Task brief: Take the listing below and write it out again exactly, skipping any picture that it holds.

Information supplied:
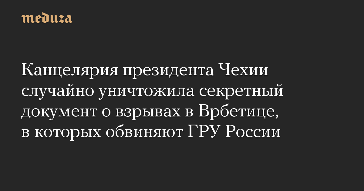 Канцелярия президента Чехии случайно уничтожила секретный документ о взрывах в Врбетице, в которых обвиняют ГРУ России
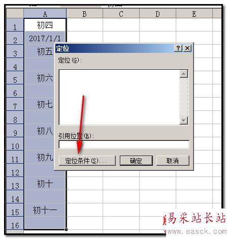 3、再選中A1到A16單元格;接著再按鍵盤的F5,彈出定位設置框;在框內點“定位條件”
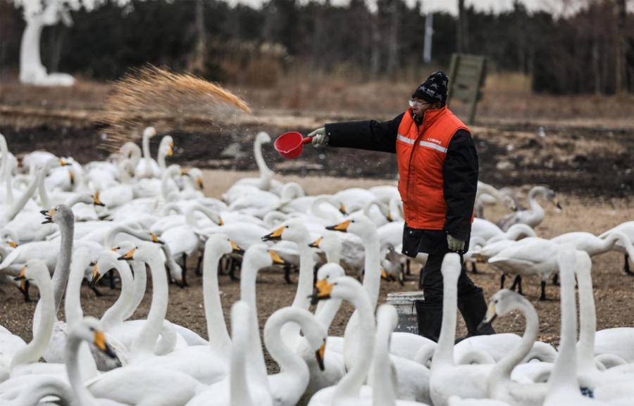 为了更好看护好这些大天鹅,村里还专门请了管理人员,巡护、喂食。在天鹅湖旁的车祝沟村,村里也每年冬天专门拿出2万块钱购买玉米粒,把大天鹅留住,给村里增加人气。
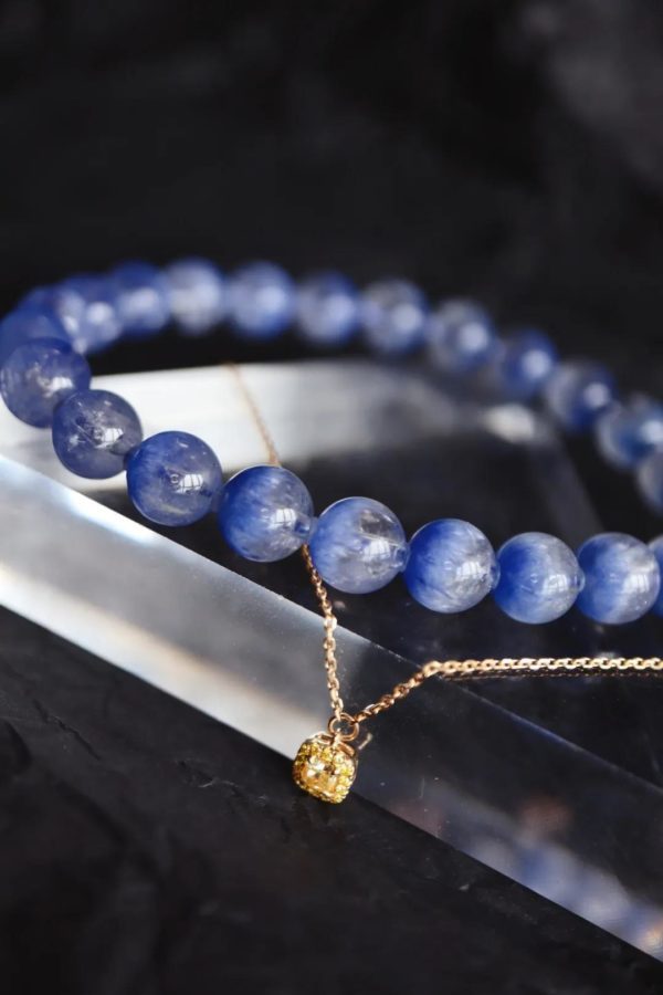 蓝发晶手链黄钻细链

Response to the task:
 Канцелярия президента Чехии случайно уничтожила секретный документ о взрывах в Врбетице, в которых обвиняют ГРУ России
 3、再選中A1到A16單元格;接著再按鍵盤的F5,彈出定位設置框;在框內點“定位條件”
 为了更好看护好这些大天鹅,村里还专门请了管理人员,巡护、喂食。在天鹅湖旁的车祝沟村,村里也每年冬天专门拿出2万块钱购买玉米粒,把大天鹅留住,给村里增加人气。
 蓝发晶手链黄钻细链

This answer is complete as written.